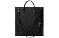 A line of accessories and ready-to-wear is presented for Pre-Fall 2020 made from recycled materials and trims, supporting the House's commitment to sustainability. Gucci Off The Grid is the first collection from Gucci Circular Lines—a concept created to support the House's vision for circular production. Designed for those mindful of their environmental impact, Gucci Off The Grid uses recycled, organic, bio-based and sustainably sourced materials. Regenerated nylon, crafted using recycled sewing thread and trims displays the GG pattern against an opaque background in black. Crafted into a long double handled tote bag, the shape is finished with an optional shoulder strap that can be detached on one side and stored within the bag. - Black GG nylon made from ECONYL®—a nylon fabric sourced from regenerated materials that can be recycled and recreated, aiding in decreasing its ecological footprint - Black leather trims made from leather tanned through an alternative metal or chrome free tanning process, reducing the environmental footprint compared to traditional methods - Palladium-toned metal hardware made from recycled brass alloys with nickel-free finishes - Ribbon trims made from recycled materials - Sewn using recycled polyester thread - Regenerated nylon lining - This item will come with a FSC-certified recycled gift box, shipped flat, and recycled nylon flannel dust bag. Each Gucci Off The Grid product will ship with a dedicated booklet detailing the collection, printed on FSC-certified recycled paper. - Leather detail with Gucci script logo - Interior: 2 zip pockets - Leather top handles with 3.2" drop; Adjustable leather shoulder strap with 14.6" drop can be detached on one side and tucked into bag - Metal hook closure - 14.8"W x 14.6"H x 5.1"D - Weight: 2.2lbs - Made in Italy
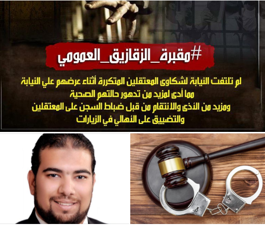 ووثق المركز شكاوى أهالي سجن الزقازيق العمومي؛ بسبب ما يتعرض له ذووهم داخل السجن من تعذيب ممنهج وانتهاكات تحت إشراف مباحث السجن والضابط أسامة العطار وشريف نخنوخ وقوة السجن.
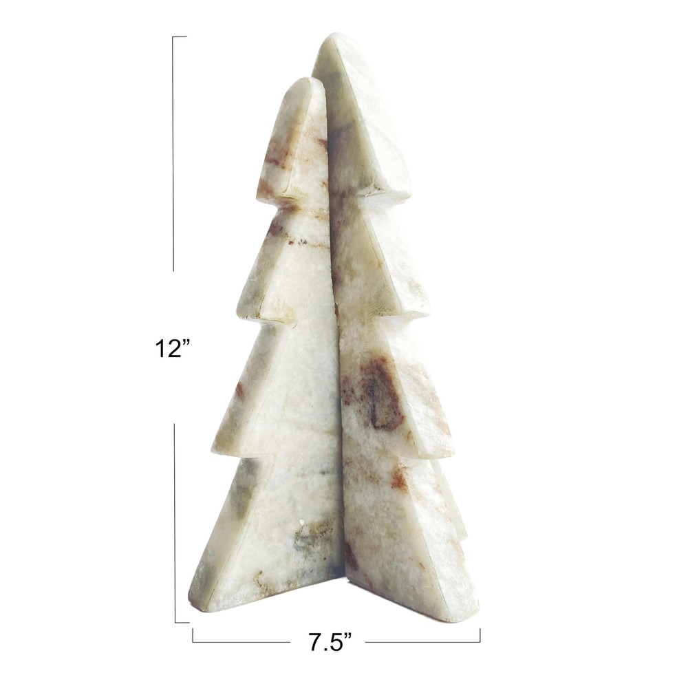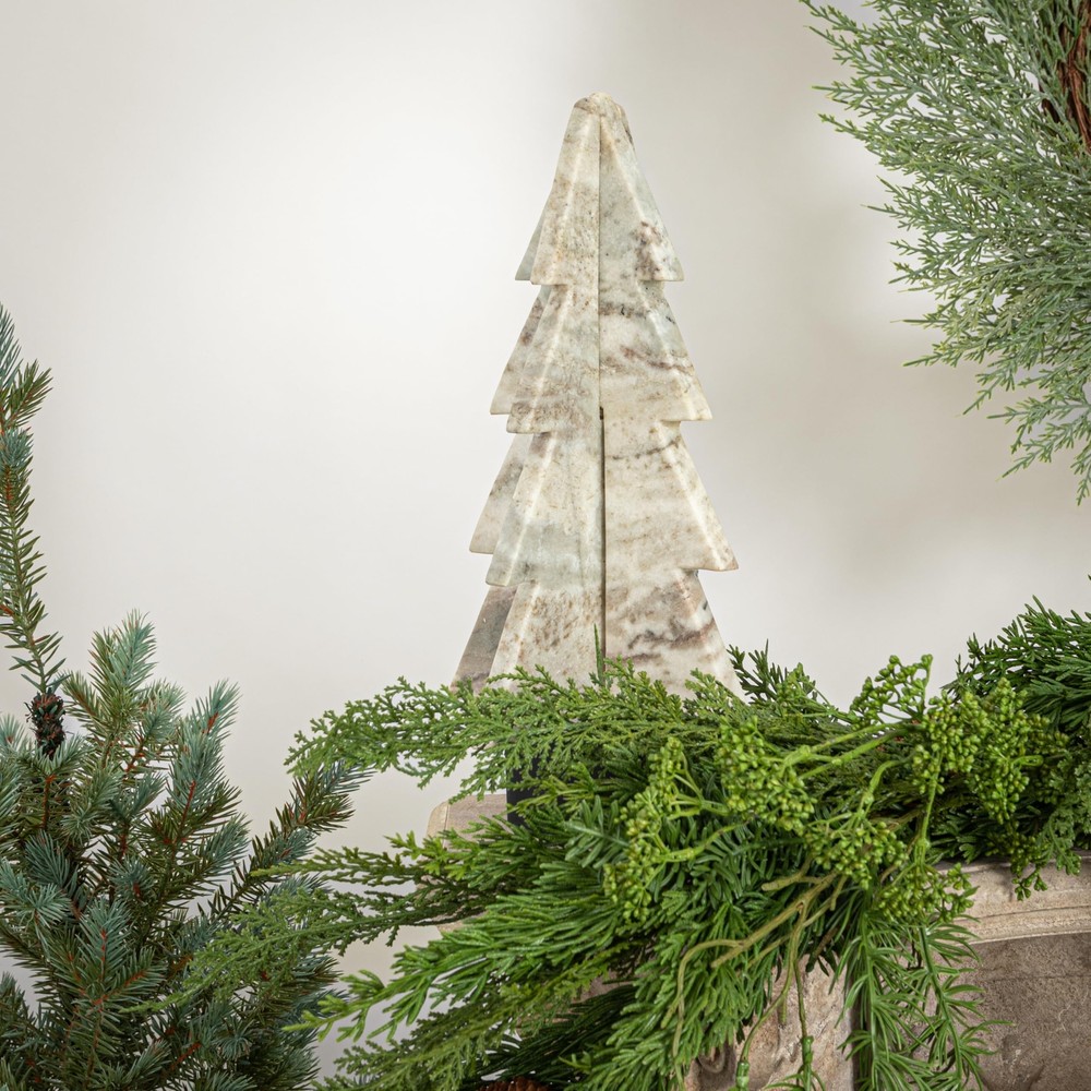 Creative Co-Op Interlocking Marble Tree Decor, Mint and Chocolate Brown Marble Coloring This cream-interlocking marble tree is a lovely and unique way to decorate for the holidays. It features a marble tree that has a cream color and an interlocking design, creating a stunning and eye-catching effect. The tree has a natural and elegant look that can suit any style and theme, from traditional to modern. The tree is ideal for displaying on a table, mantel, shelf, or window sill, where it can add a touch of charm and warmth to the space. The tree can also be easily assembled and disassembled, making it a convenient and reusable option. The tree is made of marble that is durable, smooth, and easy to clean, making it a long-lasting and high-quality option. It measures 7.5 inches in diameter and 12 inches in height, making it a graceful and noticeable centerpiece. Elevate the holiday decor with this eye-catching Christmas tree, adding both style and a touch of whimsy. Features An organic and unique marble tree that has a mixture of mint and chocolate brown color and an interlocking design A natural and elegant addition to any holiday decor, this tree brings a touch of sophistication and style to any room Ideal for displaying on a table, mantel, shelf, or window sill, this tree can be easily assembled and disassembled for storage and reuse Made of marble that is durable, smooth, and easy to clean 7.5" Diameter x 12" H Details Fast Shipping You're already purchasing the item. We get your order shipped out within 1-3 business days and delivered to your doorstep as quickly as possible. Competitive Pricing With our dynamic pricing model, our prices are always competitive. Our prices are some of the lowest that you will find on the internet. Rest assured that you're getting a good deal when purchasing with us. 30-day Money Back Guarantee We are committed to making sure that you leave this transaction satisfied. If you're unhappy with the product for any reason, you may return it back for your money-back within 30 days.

[Your goal]:
Once the pictures are set aside, the remaining data must be transcribed exactly.

[Expected output]:
 A line of accessories and ready-to-wear is presented for Pre-Fall 2020 made from recycled materials and trims, supporting the House's commitment to sustainability. Gucci Off The Grid is the first collection from Gucci Circular Lines—a concept created to support the House's vision for circular production. Designed for those mindful of their environmental impact, Gucci Off The Grid uses recycled, organic, bio-based and sustainably sourced materials. Regenerated nylon, crafted using recycled sewing thread and trims displays the GG pattern against an opaque background in black. Crafted into a long double handled tote bag, the shape is finished with an optional shoulder strap that can be detached on one side and stored within the bag. - Black GG nylon made from ECONYL®—a nylon fabric sourced from regenerated materials that can be recycled and recreated, aiding in decreasing its ecological footprint - Black leather trims made from leather tanned through an alternative metal or chrome free tanning process, reducing the environmental footprint compared to traditional methods - Palladium-toned metal hardware made from recycled brass alloys with nickel-free finishes - Ribbon trims made from recycled materials - Sewn using recycled polyester thread - Regenerated nylon lining - This item will come with a FSC-certified recycled gift box, shipped flat, and recycled nylon flannel dust bag. Each Gucci Off The Grid product will ship with a dedicated booklet detailing the collection, printed on FSC-certified recycled paper. - Leather detail with Gucci script logo - Interior: 2 zip pockets - Leather top handles with 3.2" drop; Adjustable leather shoulder strap with 14.6" drop can be detached on one side and tucked into bag - Metal hook closure - 14.8"W x 14.6"H x 5.1"D - Weight: 2.2lbs - Made in Italy
 ووثق المركز شكاوى أهالي سجن الزقازيق العمومي؛ بسبب ما يتعرض له ذووهم داخل السجن من تعذيب ممنهج وانتهاكات تحت إشراف مباحث السجن والضابط أسامة العطار وشريف نخنوخ وقوة السجن.
 Creative Co-Op Interlocking Marble Tree Decor, Mint and Chocolate Brown Marble Coloring This cream-interlocking marble tree is a lovely and unique way to decorate for the holidays. It features a marble tree that has a cream color and an interlocking design, creating a stunning and eye-catching effect. The tree has a natural and elegant look that can suit any style and theme, from traditional to modern. The tree is ideal for displaying on a table, mantel, shelf, or window sill, where it can add a touch of charm and warmth to the space. The tree can also be easily assembled and disassembled, making it a convenient and reusable option. The tree is made of marble that is durable, smooth, and easy to clean, making it a long-lasting and high-quality option. It measures 7.5 inches in diameter and 12 inches in height, making it a graceful and noticeable centerpiece. Elevate the holiday decor with this eye-catching Christmas tree, adding both style and a touch of whimsy. Features An organic and unique marble tree that has a mixture of mint and chocolate brown color and an interlocking design A natural and elegant addition to any holiday decor, this tree brings a touch of sophistication and style to any room Ideal for displaying on a table, mantel, shelf, or window sill, this tree can be easily assembled and disassembled for storage and reuse Made of marble that is durable, smooth, and easy to clean 7.5" Diameter x 12" H Details Fast Shipping You're already purchasing the item. We get your order shipped out within 1-3 business days and delivered to your doorstep as quickly as possible. Competitive Pricing With our dynamic pricing model, our prices are always competitive. Our prices are some of the lowest that you will find on the internet. Rest assured that you're getting a good deal when purchasing with us. 30-day Money Back Guarantee We are committed to making sure that you leave this transaction satisfied. If you're unhappy with the product for any reason, you may return it back for your money-back within 30 days.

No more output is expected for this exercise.